Jameson let out a sound between a growl and a sardonic laugh, like he wasn't sure whether to punch him or agree. Anton took the opportunity to stand and head for the door.

"You know what..." Jameson stopped him just before he reached the threshold. "Bring your 'masterpiece' tomorrow."

Anton turned, surprised.

"What?"

"The script. Bring it tomorrow," Jameson repeated, his tone a mix of annoyance and condescension. "I'll read it."

"Seriously?"

Jameson leaned back in his chair, drumming his fingers on the desk.

"I've read thousands of scripts in my life. Good ones, bad ones, and those that should be burned for the good of humanity," he said, like a man who'd seen too much. "I'll make you a deal."

Anton eyed him carefully.

"If your script is good... genuinely good... I'll help you. I'll connect you with people, open doors, make calls," Jameson continued, drumming. "But if it's garbage like I suspect, you drop this charade and come back to the Bugle. Deal?"

The air thickened. All or nothing.

"Deal," Anton said, extending his hand.

"Good," he replied, trying to sound more confident than he felt. "Tomorrow at nine."

"Eight. And I expect fresh coffee. If I'm wasting time reading your 'masterpiece,' I want decent caffeine."

Anton nodded and walked out. Jameson stayed behind, staring at the crumpled papers.

"Forty years publishing... to end up editing a porn musical," he muttered, shaking his head. "At least tomorrow I'll shut him down."

The elevator descended in silence. Anton leaned against the wall, hands in his pockets. His smile was gone. The weight of the deal hit him like a ton of bricks: all or nothing. Success or tail-between-legs back to the Bugle.

Anton dropped his keys on the kitchen counter and collapsed into the swivel chair at his desk. The monitor flickered on. He ran a hand over his face, feeling the weight of the hours ahead.

Tomorrow at eight. Jameson with forty years of editorial experience waiting with coffee and probably claws sharp enough to shred his work.

He typed the title on the screen: "BATMAN: BEGINS"

The system hadn't just given him the body of a spoiled rich kid with zero responsibilities. It had handed him a ticking bomb of potential. Heroes. Templates. Justice Points. Fan Points. And most importantly: total access to the most valuable IP on Earth.

A Batman movie. The Batman movie. Not a cheap reboot. Not a musical erotic parody—thanks, Stark. Something bigger. Something that could convince a hardened veteran that he was worth the bet.

He opened a blank document.

"Okay, Anton," he whispered, cracking his neck. "You've got twelve hours to prove you're not an idiot."

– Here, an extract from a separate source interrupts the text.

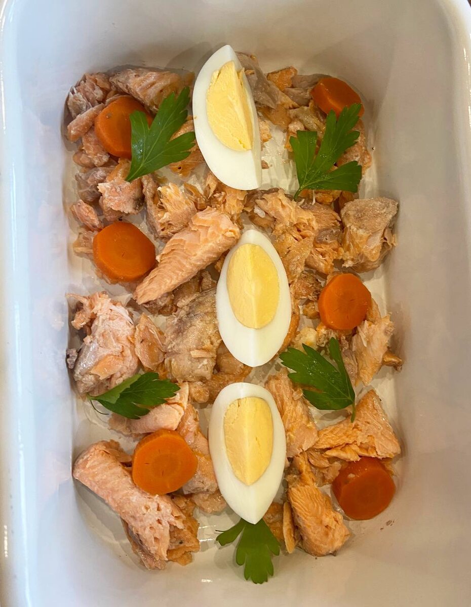 Звучит богато, но у меня это довольно бюджетное блюдо. Дело в том, что некоторое время я коплю головы, хребты и хвосты форели в морозилке. Покупаю рыбу, разделываю на филе или стейки, а остальное в заморозку. Вот и сейчас возникла необходимость расчистить запасы, поэтому я решила сварить заливное. Рыбные запчасти я уложила в чашу мультиварки-скороварки, залила водой так, чтобы только покрыть рыбу, добавила морковь, лавровый лист, чёрный перец горошком, хорошо посолила и готовила 1,5 часа. Если варить в обычной кастрюле, тогда около часа. Мне нравится использовать скороварку, потому что косточки развариваются до абсолютной мягкости и если вдруг случайно попадут в готовое заливное, их даже никто не заметит и тем более не поразится. В кастрюле такого эффекта не достичь, поэтому варить больше часа не вижу смысла. Далее я достаю рыбу, разбираю мясо от костей, выкладываю в форму для холодца, добавляю на свой вкус кружочки отварной моркови, отварные яйца, петрушку. Бульон проц
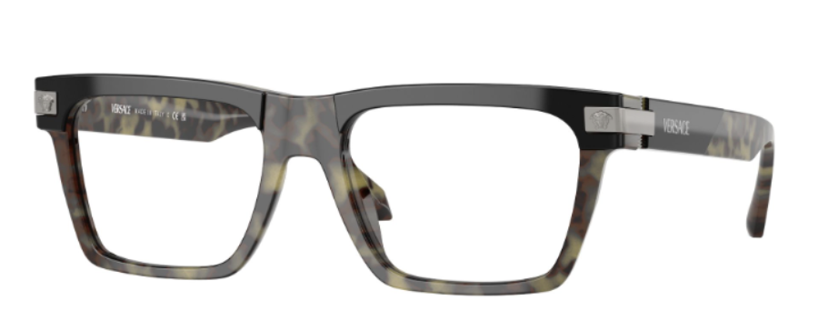 Squared optical shape made from recycled acetate with double-layered construction in color contrast, visible both on the frame front and temples, and metal hinges with wraparound Medusa head plaques. Available in light Havana with black top or Havana blue with black top.

The system didn't come with a screenwriting tutorial, but it gave him one cheat: perfect photographic memory. Every scene. Every line. Every damn shot he'd seen in both his lives... was there.

He could quote The Dark Knight like scripture. Hum Zimmer's soundtrack with his mouth closed.

What he needed now was structure—something Jameson couldn't rip apart in five minutes.

He typed a few lines. Deleted them. Typed again. Cursed under his breath. Checked the clock: 11:47 PM.

"Come on, steroid-Nolan… make something that doesn't suck."

His gaze drifted to the lower right of his vision, where the system's interface still floated as if nothing had changed: [Fan Points: 375] [Template: BATMAN (delayed activation)] [Progress: 0.08%]

375 out of 9,980,000. A cosmic joke.

Anton leaned back, feeling the weight of those numbers. It wasn't just about impressing Jameson or making a good movie. It was about survival.

He knew this universe. Knew what was coming. And without that suit, he was just another civilian when the world went to hell.

A hit movie might get him the points he needed. But first, he had to convince the most jaded man in the industry.

He finally wrote a synopsis. Took the core of the myth—the fear, the shadow, the vengeance—and wrapped it in a more human story. A less perfect Bruce Wayne. More real. More in line with what this world needed.

"A man with no powers facing a world full of them."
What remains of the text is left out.